**Exercise data:**
══════════════════════════════

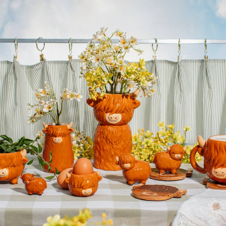 Zwei fröhliche Highland-Cows als Salz- und Pfefferstreuer bringen landhausige Gemütlichkeit auf deinen Tisch. Handlich, glasiert, nachfüllbar – perfekt als Geschenk und Deko.
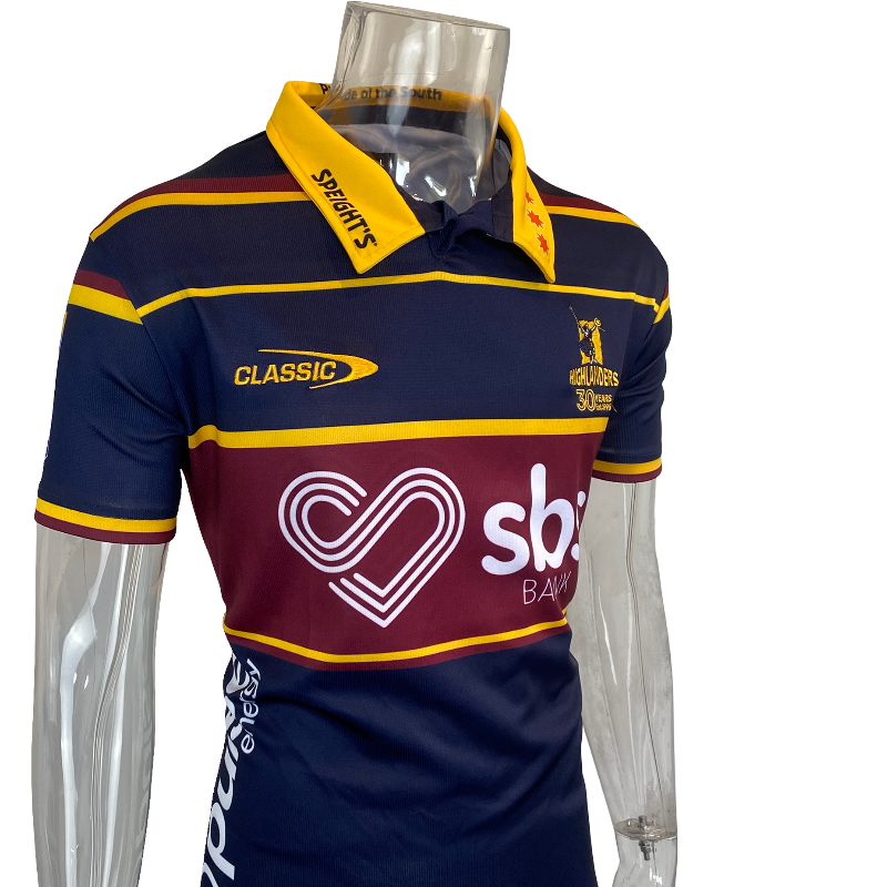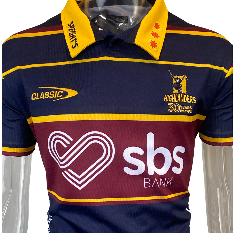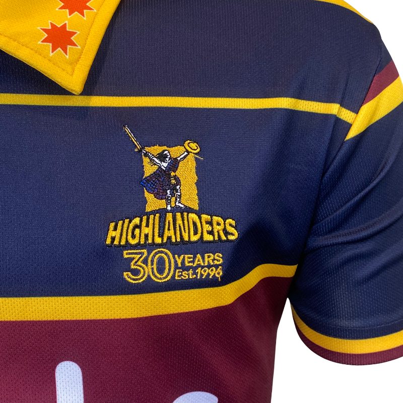 The jersey includes exclusive 30th anniversary detailing on the chest and a commemorative sleeve patch, creating a true collector’s item for Highlanders fans and Super Rugby nostalgics.
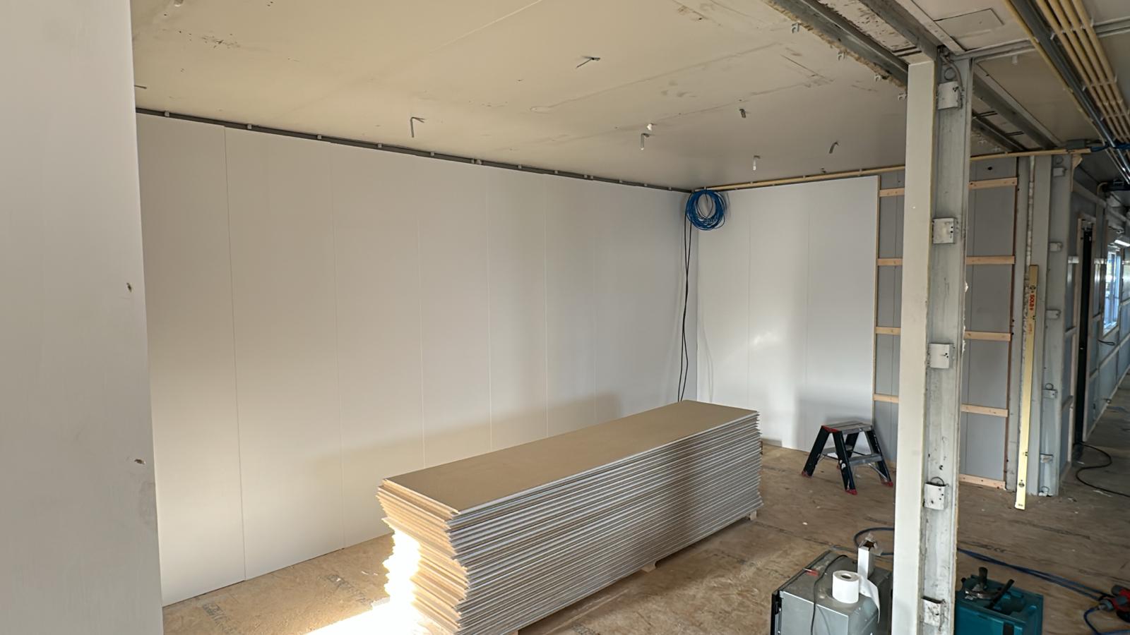 Inmiddels hebben we al mooie stappen gezet. Zo hebben we nieuwe kozijnen geplaatst en zijn de ruimtes voorzien van strakke systeemplafonds en nieuwe vloeren. De volgende fase staat inmiddels voor de deur: het aanbrengen van duurzame gevelbekleding, waarmee we het geheel niet alleen verder verfraaien, maar ook toekomstbestendig maken.

══════════════════════════════

**What needs to be done:** Only the text of the listing above should be copied, exactly and with pictures left out.

**Result of the exercise:**
 Zwei fröhliche Highland-Cows als Salz- und Pfefferstreuer bringen landhausige Gemütlichkeit auf deinen Tisch. Handlich, glasiert, nachfüllbar – perfekt als Geschenk und Deko.
 The jersey includes exclusive 30th anniversary detailing on the chest and a commemorative sleeve patch, creating a true collector’s item for Highlanders fans and Super Rugby nostalgics.
 Inmiddels hebben we al mooie stappen gezet. Zo hebben we nieuwe kozijnen geplaatst en zijn de ruimtes voorzien van strakke systeemplafonds en nieuwe vloeren. De volgende fase staat inmiddels voor de deur: het aanbrengen van duurzame gevelbekleding, waarmee we het geheel niet alleen verder verfraaien, maar ook toekomstbestendig maken.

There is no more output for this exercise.